Sem sondagens, sem forma de avaliar o modo como os guineenses encaram o golpe de 2012 e olham para as alternativas que lhes são apresentadas, é impossível fazer prognósticos. Mas, mesmo tendo partido tarde para a corrida eleitoral, por ter demorado a definir liderança e estratégia, seria uma surpresa – atendendo ao histórico – se as legislativas não fossem ganhas pelos “libertadores”. Nas anteriores legislativas, em 2008, o PAIGC conseguiu 49,52% e elegeu 67 dos cem deputados.

Confirmando-se um triunfo do antigo partido único, o próximo primeiro-ministro será o recém-eleito líder, Domingos Simões Pereira, DSP, antigo secretário executivo da CPLP (Comunidade dos País de Língua Portuguesa). Pereira já procurou tranquilizar a desconfiança da cúpula militar e anunciou que não haverá “caça às bruxas”. Terá confidenciado em círculos privados o desejo de formar um governo que inclua outras forças partidárias, e de – mesmo sem António Indjai, indiciado pelos EUA por tráfico de droga – manter a chefia militar em mãos balantas, a principal etnia do país, com grande peso nas Forças Armadas.

A outra grande força política guineense é o PRS (Partido da Renovação Social), que há seis anos elegeu para o Parlamento cessante 28 deputados conseguidos com 25,21% dos votos. É agora liderado por Alberto Nambeia e estava já antes da morte Kumba Ialá, a ensaiar, pela primeira vez, um caminho sem o seu fundador e mais carismática figura.

Incógnita presidencial
O desfecho eleitoral parece mais incerto na corrida presidencial, em que pela primeira vez não participam candidatos que tenham sido “combatentes da libertação do país” – a independência foi proclamada em 1973, ainda antes do 25 de Abril.

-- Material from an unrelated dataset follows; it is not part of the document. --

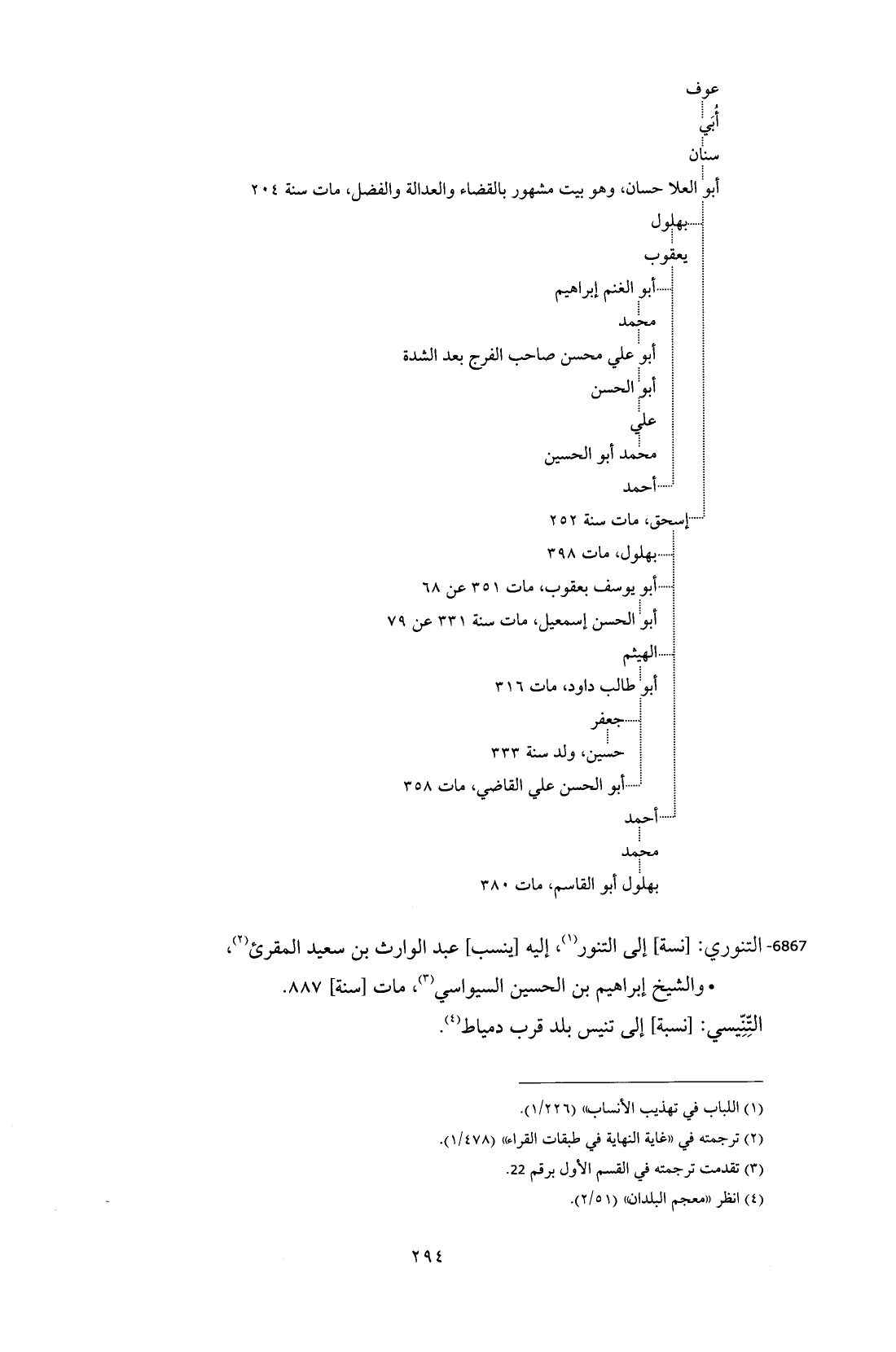 6867 - التنوري: [نسبة] إلى التنور (¬1)، إليه [ينسب] عبد الوارث بن سعيد المقرئ (¬2)

Os apoios que reúnem e a dinâmica das suas campanhas fazem com que quatro dos candidatos sejam encarados como os que mais probabilidades parecem ter de passar a uma previsível segunda volta: João Mário Vaz, do PAIGC; Abel Incada, que corre pelo PRS; Nuno Nabiam, independente apoiado por Kumba, e ao qual são atribuídas ligações à cúpula militar; e Paulo Gomes, economista que foi administrador do Banco Mundial para a África Subsariana e tem o apoio de pequenos partidos e intelectuais. A tardia entrada em cena dos concorrentes “oficiais” permitiu aos dois independentes, que há meses estão no terreno, ambos com importantes meios, somarem apoios que podem revelar-se decisivos.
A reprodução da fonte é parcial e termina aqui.